Ein Beispiel-Dockerfile zum Erstellen eines Images auf Basis des offiziellen Ubuntu 18.04 mit der Installation von Nginx.

Als Nächstes richten Sie eine .dockerignore-Datei ein, um alle Dateien aufzulisten, die sonst während des Docker-Build-Prozesses erstellt werden würden und die Sie vom endgültigen Build ausschließen möchten.

.dockerignore-Dateien spielen eine wichtige Rolle bei der Erstellung von kompakteren, schnellen laufenden Containern, indem sie eine Möglichkeit bieten, sensible oder unnötige Dateien und Verzeichnisse daran zu hindern, ihren Weg in Ihre Image-Builds zu finden.

Ihre .dockerignore-Datei sollte sich in dem Stammverzeichnis befinden, das als Build-Kontext bezeichnet wird und aus dem Sie Ihr Abbild erstellen möchten.
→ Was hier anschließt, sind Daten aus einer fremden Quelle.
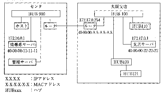 | 直接、間接ルーティング 次は午後の問題なので、ちょっと長いけどがんばってください。直接ルーティング(ルータを介さない)ときと、間接ルーティング(ルータを介す)ときの違いについてです。 平成11年ネットワークスペシャリスト午後1問4 ネットワークシステムの運用に関する次の記述を読んで、設問1〜3に答えよ。 R社では社内ネットワークを構築し、業務系と情報系の2システムで利用している。東京の本社ビルにコンピュータセンタ(以下、センタという)を置き、センタと全国に敷か所ある支店間を64kビット/秒の高速ディジタル回線でスター状に接続している。最近、その回線容量が不足気味になってきた。 このネットワークのプロトコルはTCP/IPで統一され、センタと支店間はルータ経由で接続されている。センタと各支店の接続構成はほぼ同じであり、例として大阪支店との接続構成を図1に示す。主な機器のIPアドレスとMACアドレスを併せて図1に示す。 図1 R社のネットワーク構成(センタと大阪支店間) ![]() センタには、業務系ホスト(ホスト)と情報系サーバ、ネットワーク管理システム用のサーバ(以下、管理サーバという)を設置している。情報系サーバは、イントラネットにおけるWWW及び電子メールのサーバである。 支店には支店サーバを設置し、社員は各員に割り当てられたクライアントで支店サーバ、センタにある情報系サーバとホストにアクセスする。省電力化のため、使用していないクライアントの電源は切っている。支店サーバとクライアント、ルータの接続には、10BASE-TのLANを利用し、16ポートのハブをカスケード接続している。大阪支店のクライアント数は、約50台である。 このネットワークの管理はシステム部が行っており、ネットワークの構成変更やクライアントの増設に伴う通信機器やケーブルの手配も行う。ただし、ネットワークの構成変更を伴わないクライアントの増設だけは、各部門で独自に行っても構わないことになっている。 管理サーバで稼働させているネットワーク管理システムでは、構成管理、障害管理のほか、性能管理を行う。構成管理機能は、ネットワークの論理的構成及び物理的構成を把握するために利用するものである。R社では、【 a 】機能を使用していないので、ネットワークに機器の追加や撤去、移設が生じる場合には、ネットワーク構成情報の変更を明示的に行っている。しかし、クライアントはこの対象外である。 障害管理機能は、ネットワークの機器障害の検知を行ったり、機器からの障害情報を受けたりすることで、障害切分けに利用するものである。機器又は経路の障害調査に用いるpingコマンドには【 b 】というプロトコルが使用される。 R社では、障害検知の対象機器については、SNMPに対応するものを導入している。さらに、遠隔地にある機器の稼働状況を把握するため、支店ごとに【 c 】エージェントを置くことによって、センタ側で支店LANのパケットを収集することが可能である。 性能管理機能は、ネットワークを良好な状態で利用するために、トラフイック量や応答時間などを把握し、評価・分析に利用するものである。性能管理の一つとして、利用率やトラフイック量などが【 d 】を超えると、【 c 】からマネージャにTrapメッセージを送るという方法がある。 ある日、大阪支店のS氏からシステム部に連絡が入った。クライアントを増設するため、LANにハブを追加したが、うまくいかないとのことだった。 本来、システム部に無断で行った構成変更には対応しないことにしている。しかし今回は、教育の一環として新人のT君に対応させることにした。次はT君とS氏のやり取りである。 T君: クライアントが使用できないということですが、どういった状況なのでしょうか。もう少し詳しく説明していただけますか。 S氏: 今回3台のクライアントを増設したかったのだが、ハブのポートがすべて使用されていたので、ハブを追加してクライアントに接続することにしたんだ。ところが、新しいハブに接続したクライアントからは、どのサーバも利用できない。 T君: クライアントの設定は正しいのでしょうか。 S氏: 今まで使っていたクライアントを新しいハブに接続しても同じ結果になる。だから、クライアントの設定の問題ではないと思うのだが。 T君: そうですね。その新しいハブはどうしたのですか。 S氏: 勝手に使って申し訳ないのだが、故障時の予備を使わせてもらったよ。 T君: 困りますね。でも、今は問題を先に解決しましょう。そのハブをどこに接続されたのでしょうか。それから、接続に使用したケーブルをどこから入手したか教えてください。 S氏: HUB110に接続していたクライアントを1台外して、そこに新しいハブを接続した。新しいハブの接続には、クライアント用に用意してあった1メートルのケーブルを使ったよ。何が悪かったのかな。 T君: そうですか。問題となる点が二つありますね。一つは、構成上の問題です。正しい接続構成図を
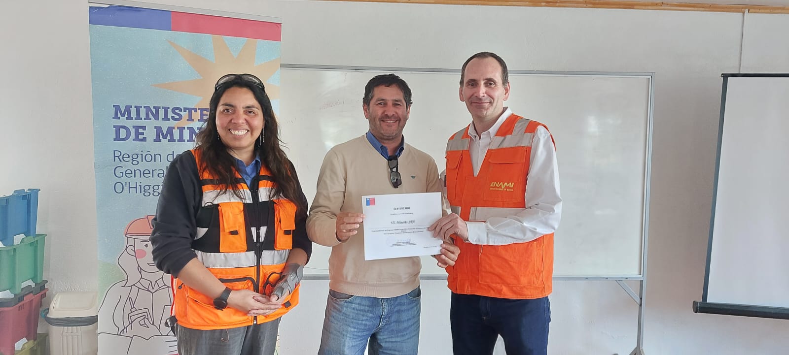 Los productores beneficiados por los fondos del Ministerio de Minería fueron convocados en la Escuela Mina Planta de Chancón para la entrega de certificados que acreditan la adjudicación de la maquinaria, en compañía del vicepresidente de Enami, Iván Mlynarz.
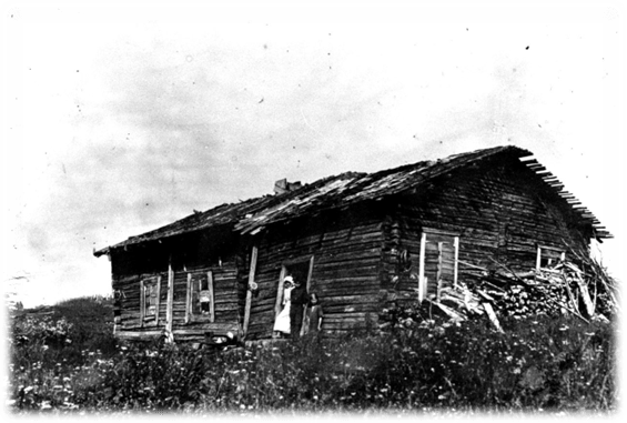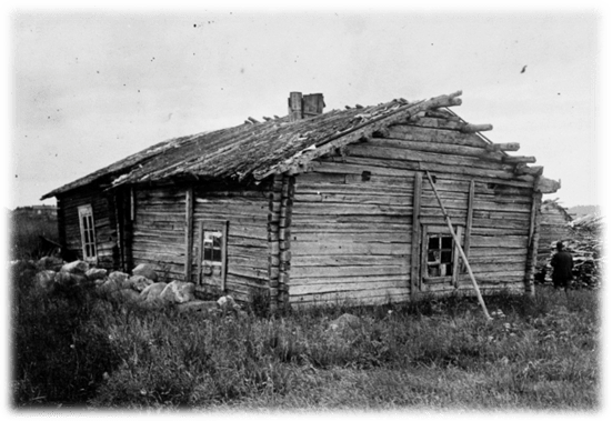 Riekkisen savutupa Laarinvaaralla. ”Kävin myös ottamassa valokuvan Laarinvaaralla olevasta Riekkisen savutuvasta, jossa oli kota eteisessä.” Stipendiaatti Aulis Rissanen 1927.

Dies ist entweder Ihr aktuelles Arbeitsverzeichnis oder der Pfad, den Sie im Docker-Build-Befehl angeben, den wir weiter unten besprechen.

User-added image
Der Docker Build Kontext

Verwenden Sie nun den Befehl “Docker build”, um Ihr Docker-Image zu erstellen. Verwenden Sie das Flag -t, um einen Image-Namen und ein Tag festzulegen

$ docker build -t my-nginx:0.1 .

Im obigen Beispiel haben wir das Abbild aus demselben Verzeichnis wie die Dockerdatei und den Kontext erstellt, da das . Argument dem Docker-Dämon lediglich mitteilt, das Image aus den Dateien und Ordnern im aktuellen Arbeitsverzeichnis zu erstellen.

Schließlich können Sie, wie wir bei der interaktiven Methode gesehen haben, den Befehl “Docker images” verwenden, um das gerade erstellte Abbild zu sehen.

 

 $ docker images

REPOSITORY     TAG IMAGE ID        CREATED SIZE

my-nginx       0.1 f95ae2e1344b    10 seconds ago 138MB

ubuntu         18.04 ccc6e87d482b  12 days ago 64.2MB

Auch hier sollten Sie Ihr neues Bild in den Ergebnissen sehen.